‘Nothing to hang our heads about’
Cal still very happy with season despite sudden end
MILTON, Ga. -- Moments after his team’s outstanding season had come to a sudden end short of the goal it had established for itself, Cal head coach Steve Desimone stood near the No. 2 green on the Crabapple Course at the Capital City Club and attempted to come to grips with the reality of it.
Cal senior Max Homa had just lipped out a 7-foot putt on a second playoff hole that would have extended his match against Thomas Pieters of Illinois. Instead, just like that, the match -– and Cal’s season –- was over.
Illinois moves on to face Alabama in Sunday’s national championship match, which has been moved up two hours to an 8 a.m. start in an effort to avoid inclement weather expected later in the day.
Despite entering the day as the top seed in match play, as the nation’s top-ranked team, and as the first team in modern NCAA history to win 11 of the first 13 tournaments it played in this season, Cal was packing up to go home.
“We just were not sharp [Saturday],” Desimone said. “They made some really clutch putts. … Every time I turned around, they were making putts a little more than we were. So hats off to them.
“When you have one day for a season, sometimes that carries you through -- and it certainly did for them [Saturday]. It’ll be a good match with them and Alabama [on Sunday], but I’m not going to hide my disappointment. We were looking forward to that one in a big way.”
It was the second consecutive season Desimone and his players tasted disappointment at the Division I Men’s Golf Championships. Cal lost in semifinal match-play last year, as well, falling to Alabama.
But this year was different, and everyone -- not only Desimone and his players -- seemed to sense it. Even winning Illinois head coach Mike Small said so after Saturday’s match.
“The record says it all. And they don’t dodge anybody, either. They play some great tournaments,” Small said. “I mean, they’ve got five guys ranked in the top 25 in the nation? That’s strong. I don’t know, when’s the last time that happened?”

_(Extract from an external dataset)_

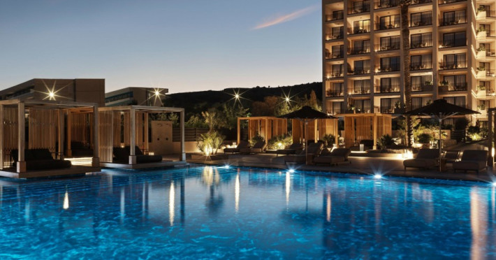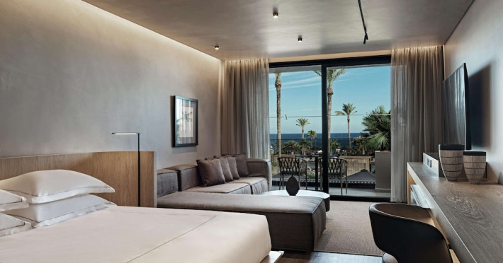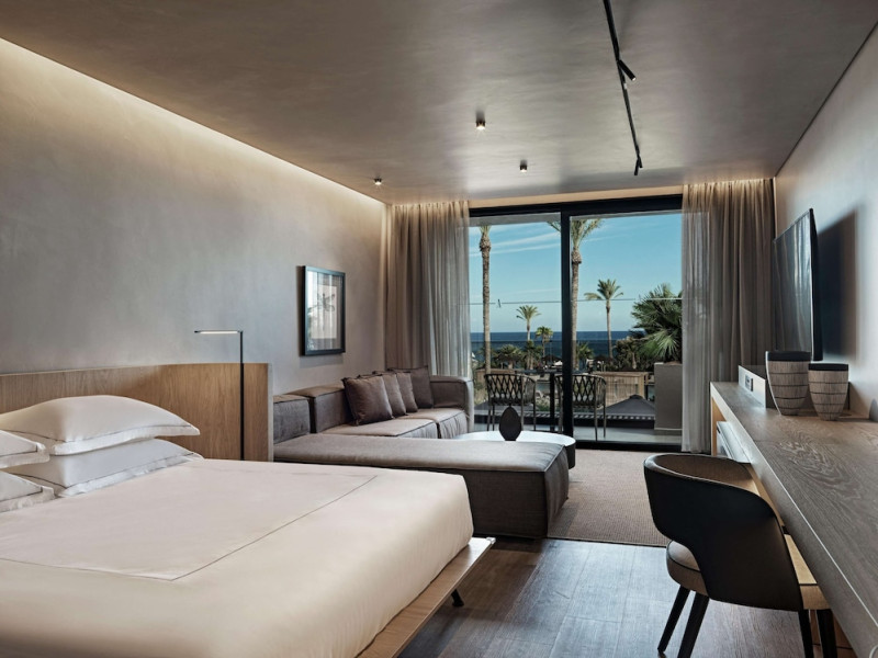 A complimentary buffet breakfast is served daily. The hotel restaurant offers Chinese, French, and Greek cuisine, with vegetarian, dairy-free, and vegan options available upon request. Guests can relax at the bar/lounge or the beach bar.

Small added that when a team is ranked No. 1 nationally as Cal was virtually all season long, it can create an enormous amount of pressure.
“It’s amazing when a human being has expectations and people are up there shooting at you and coming at you. That can create a lot of pressure that you feel,” Small said. “We’ve had that on a smaller level at the Big Ten championship, and we persevered. But the depth here is a lot greater and there are a lot more great teams and players coming after you.”
Cal not only won 11 of its first 13 tournaments prior to the NCAA championships, but finished second and third, respectively, in the only two tournaments it did not win. Cal also earned the top seed in the match-play portion of this week’s tournament by beating everyone else during the three days of stroke play on the difficult par-70, 7,319-yard course.
“It’s hard to believe it’s over. I don’t know the next time a season like this is going to happen. It may happen next year, or it may not happen again for another 50 years,” Desimone said. “But let me tell you: There was nothing that happened [Saturday] that diminishes that. In my humble opinion, this is the best college golf team that’s ever played.
“When you only lose to four teams all year and you’ve beaten over 200, I don’t know what else you can say. I’m so proud of these guys. It’ll be a very rough afternoon and a tough few days, but what they’ve accomplished is going to live for a long time. Whether we won or we lost here, the season we had was unique in the history of college golf and we’re going to be able to celebrate that for a long time.”
So even in defeat, Homa echoed his coach’s belief that Cal remains a team to be remembered in a special, historic way in NCAA golf annals.
“To be honest, I don’t think there’s any doubt we had the greatest team ever assembled. We only lost four times this year,” Homa said. “This match-play format is tough. You have to be on every day and you have to have every player on, from top to bottom, in the match play. It’s just tough.
“We won the stroke play by six over the other 29 best teams in the country. … We have nothing to hang our heads about. But we just wanted one more day.”